What to look out for as Ray Dalio warns of perilous debts
The final stage of the debt cycle popping of the bubble characterised by a combination of a tightening of money and the debt growth being unsustainable.
“Net selling of debt assets, especially net selling of government debt assets, is a big red flag,” he wrote.
However, selling off the government debt triggers a market-driven tightening of money and credit, which leads to a lacklustre economy and downward pressure on the currency.

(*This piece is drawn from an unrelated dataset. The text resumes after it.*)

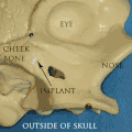 Скуловой имплантат длиннее, чем стандартные имплантаты и используется у людей без адекватной кости в верхней челюсти; он крепится к скуле
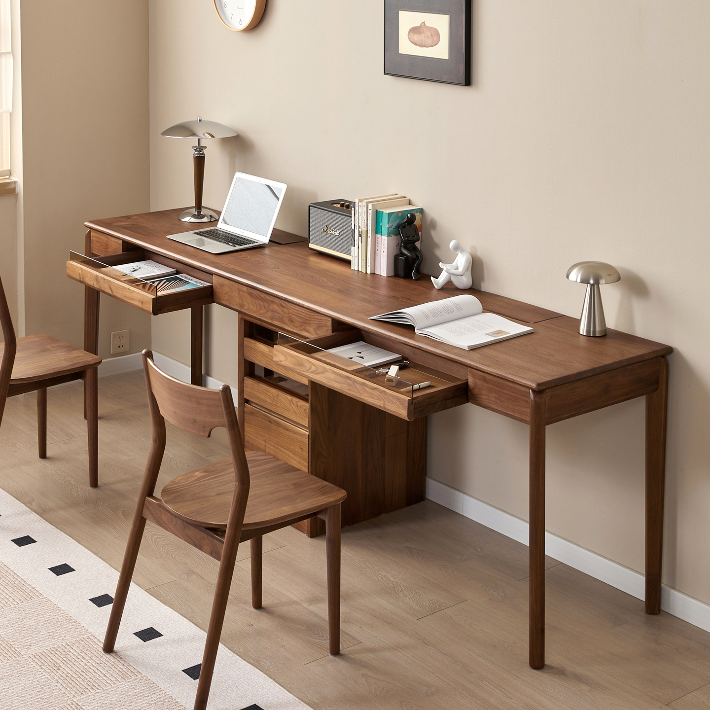北美黑胡桃木实木双人书桌现代简约樱桃木多功能学习桌电脑办公桌

“Tightening leads to rising yields, creating a death spiral,” he wrote.
He notes that the central bank eventually simultaneously eases credit and allows the currency to devalue.
“The Big Debt Crisis recedes when a new equilibrium is achieved and a new cycle begins,” he wrote
Ray Dalio believes the federal government and the central bank will take credibility-restoring actions.
He thinks central banks will make money hard again by offering high real yields, raising reserves, and/or linking the currency to something hard, like gold or a strong currency.
Ray Dalio warns of perilous debts and the end of the Big Debt Cycle for leading world powers, often to the end of their prominence
“Debt crises provide great risks and opportunities if investors understand how they work and have good principles for navigating them well,” he wrote.